Field of the Invention
The present invention relates to an acoustical-electronic component that operates with acoustical surface waves, including a piezoelectric substrate in which an acoustical surface wave is guided, and an electron system entering into interaction with the acoustical surface wave. The invention also relates to a tunable delay line, a resonator and a semiconductor sensor using the component.
Fundamental principles of interaction effects between acoustical surface waves and semiconductor electron systems are known from the publication: Physical Review B, Vol. 40, No. 11, Oct. 15, 1989, pp. 7874-78875. In particular, that reference discusses acoustical surface waves on GaAs/Al.sub.x Ga.sub.1-x As heterostructures. Especially the interaction between acoustical surface waves and quasi-two-dimensional inversion electron systems in strong magnetic fields and at low temperatures are investigated. It is pointed out that the interaction between acoustical surface waves and highly mobile quasi-two-dimensional electrons leads to a relaxation mechanism. That interaction is evidenced through strong quantum oscillations both in the surface wave intensity and in the speed of sound, which reflect quantum oscillations in the magnetoconductivity of the quasi-two-dimensional electron system in strong magnetic fields.
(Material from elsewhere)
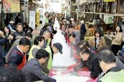 [경기뉴스원/경기뉴스1] | 충북 단양군 단양구경시장에서 지역민과 관광객이 함께 어우러진 ‘제13회 가래떡데이 한마당 대축제’가 성황리에 열렸다. 지난 11일 단양구경시장 내 문화광장에서 열린 이번 행사는 단양구경시장상인회 주관으로 진행됐다. 올해로 13회를 맞은 가래떡데이 한마당은 지역 상권과 주민이 함께하는 소통과 나눔의 축제로 자리매김했으며, 300여 명의 주민과 관광객이 참여해 뜨거운 열기 속에 펼쳐졌다. 식전공연으로 아랑고고장구단의 힘찬 북소리가 울려 퍼지며 축제의 시작을 알렸고, 전통시장만의 흥겨운 정취 속에서 다채로운 프로그램이 이어졌다. 특히 단양시장의 명물인 ‘장보고북’ 타고 행사가 진행돼 눈길을 끌었다. ‘장보고북’은 북을 세 번 두드리면 소원이 이루어진다는 속설로 전해지며, 전통시장의 상징적인 볼거리로 자리잡고 있다. 이날의 하이라이트는 111m에 달하는 초대형 가래떡 커팅식이었다. 지역 주민과 관광객이 힘을 모아 가래떡을 뽑고 직접 나누며 웃음이 넘쳤고, 정성껏 준비한 따뜻한 떡을 함께 나누는 시간에는 박수와 환호가 이어졌다.
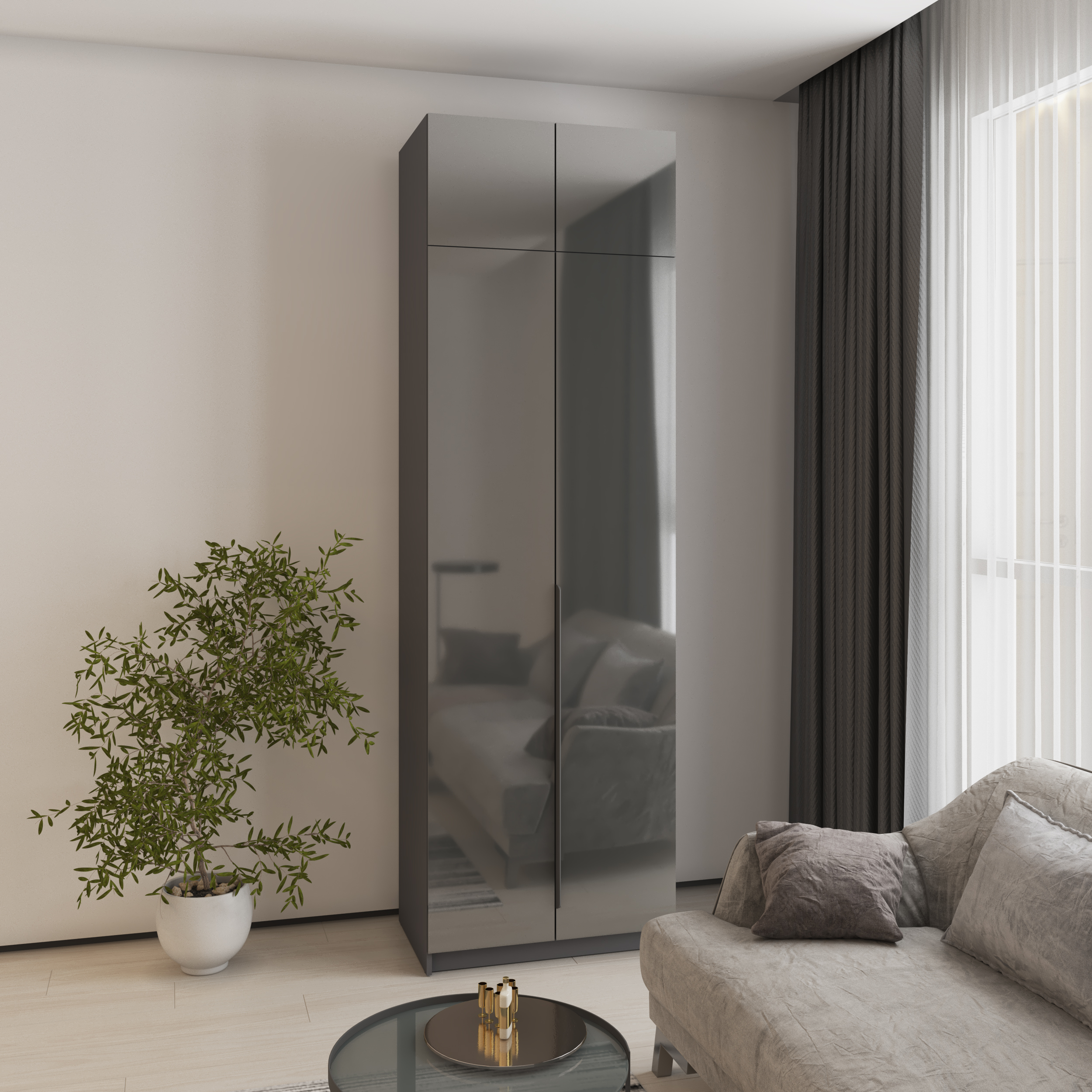 - Для спальни лучше всего подойдет шкаф купе с зеркалом — это не только визуально расширяет пространство, но и добавляет функциональности.

Surface wave arrays on GaAs and Si that are compatible with integrated circuitry are known, for instance, from the publication: IEEE Transactions on Microwave Theory and Techniques, Vol. MTT-29, No. 12, Dec. 12, 1981, pp. 1348-1356 or the publication: IEEE Transactions on Sonics and Ultrasonics, Vol. SU-29, No. 5, September 1982, pp. 255-261. Those publications point to the possibility of realizing tunable SW resonators, tunable GaAs SW oscillators, monolithic SW convolvers and asynchronous SW correlators/programmable signal-adapted filters. However, in the first of those references, only high-voltage systems based on Schottky diodes are disclosed, which work at substantially higher, chip-incompatible and VLSI-incompatible voltages. Moreover, the blocking currents that unavoidably occur in that implementation represent a considerable problem in the power limitation of the component. Systems are known from the second of those references, in which a phase shift of the surface wave can be tuned through the voltage-controlled thickness of a depletion layer. However, that involves a volume effect, in which the maximum interaction between the surface wave and the mobile charge carriers is frequency-dependent.